Synthetic Potential Outcomes and Causal Mixture Identifiability
Bijan Mazaheri, Chandler Squires, Caroline Uhler
TL;DR
This work tackles heterogeneity across populations by proposing causal-response-based grouping and introducing Synthetic Potential Outcomes (SPOs) that leverage higher-order moments to synthetic-sample counterfactuals. The authors place SPOs within a four-level identifiability hierarchy, establishing conditions under which heterogeneous treatment effects (HTEs), mixtures of products, mixed treatment effects (MTEs), and average treatment effects (ATEs) are identifiable, including a novel level-3 identifiability result. The SPO framework recovers ATEs and MTEs through moment-matching using observable moments and higher-order moments of the treatment effect, employing tools such as Parafac tensor decomposition and matrix pencil/Prony methods.
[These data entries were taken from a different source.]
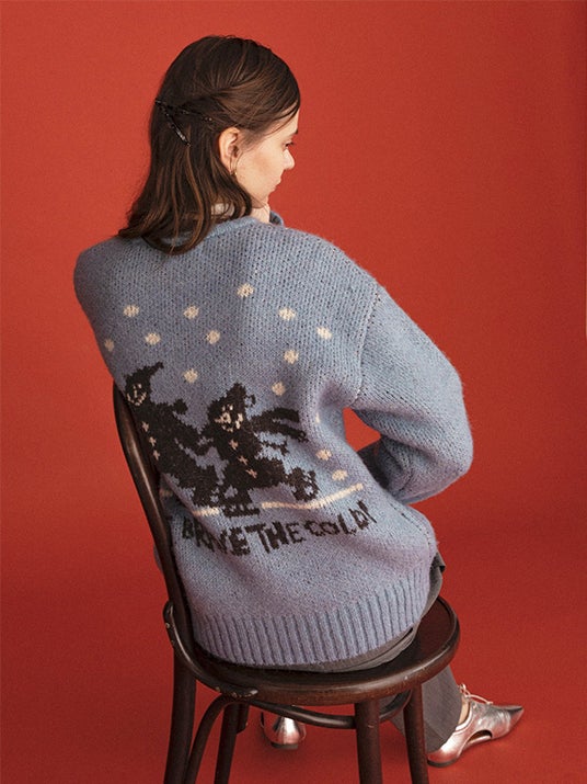 『Happy Winter』をテーマにオリジナルで描き下ろしていただいたイラストを、ダブルジャガードのニットで再現。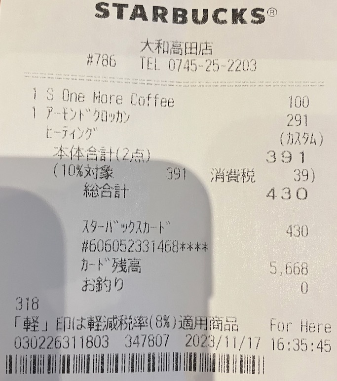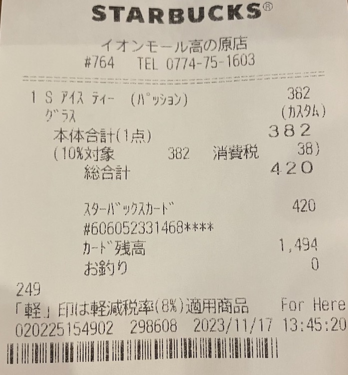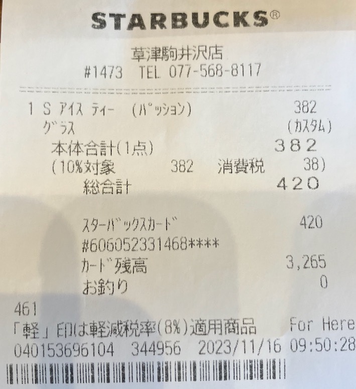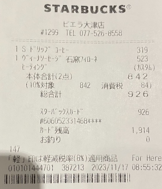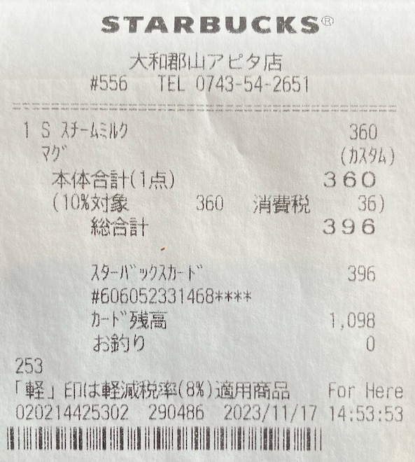 スタバのレシート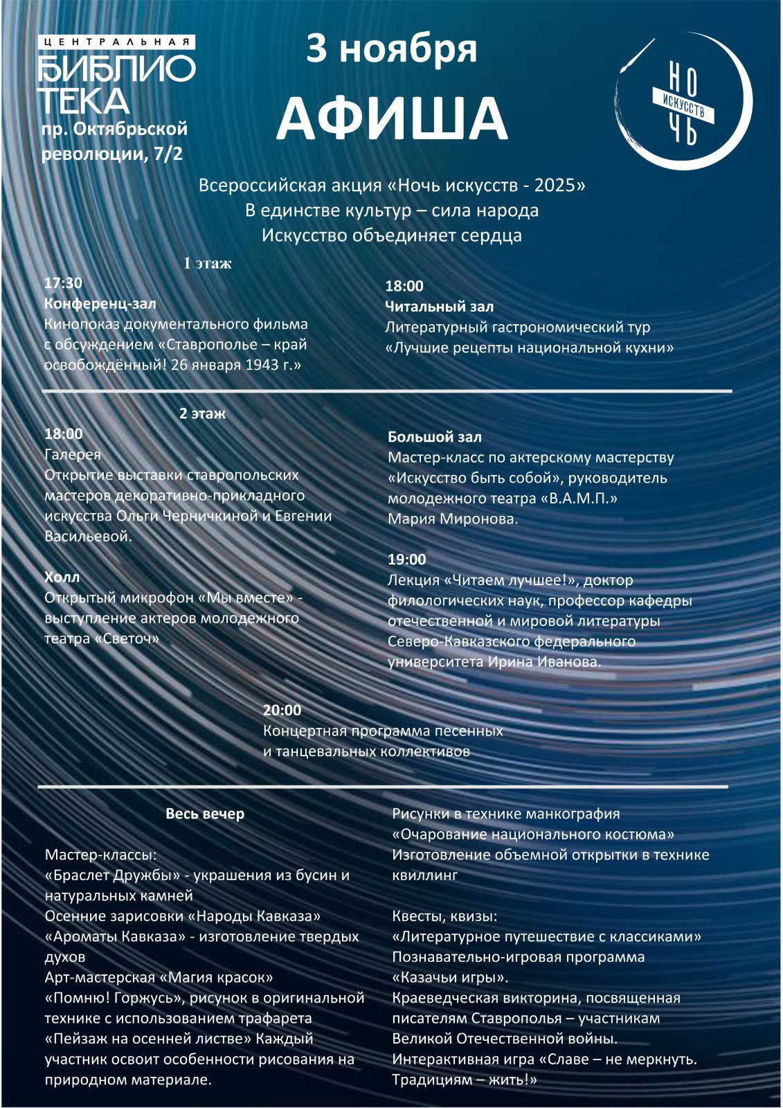 3 ноября центральная библиотека Ставрополя ( проспект Октябрьской Революции, 7/2) приглашает жителей и гостей города на программу «Искусство объединяет сердца», которая пройдет в рамках всероссийской акции «Ночь искусств – 2025». Этот вечер станет праздником творчества, общения и вдохновения, где каждый найдет что-то близкое себе — кино, литературу, музыку, историю или мастерство .

Empirical results on synthetic data illustrate that SPO-based recovery remains accurate across regimes where mixture-based methods degrade, and the approach supports continuous covariates, broadening applicability in causal inference with latent heterogeneity. Overall, the paper contributes a principled, scalable method for identifying and quantifying causal heterogeneity via synthetic counterfactuals, with practical implications for policy evaluation, medical interventions, and mechanism-based class analysis.
Abstract
Heterogeneous data from multiple populations, sub-groups, or sources is often represented as a ``mixture model'' with a single latent class influencing all of the observed covariates. Heterogeneity can be resolved at multiple levels by grouping populations according to different notions of similarity. This paper proposes grouping with respect to the causal response of an intervention or perturbation on the system. This definition is distinct from previous notions, such as similar covariate values (e.g. clustering) or similar correlations between covariates (e.g. Gaussian mixture models). To solve the problem, we ``synthetically sample'' from a counterfactual distribution using higher-order multi-linear moments of the observable data. To understand how these ``causal mixtures'' fit in with more classical notions, we develop a hierarchy of mixture identifiability.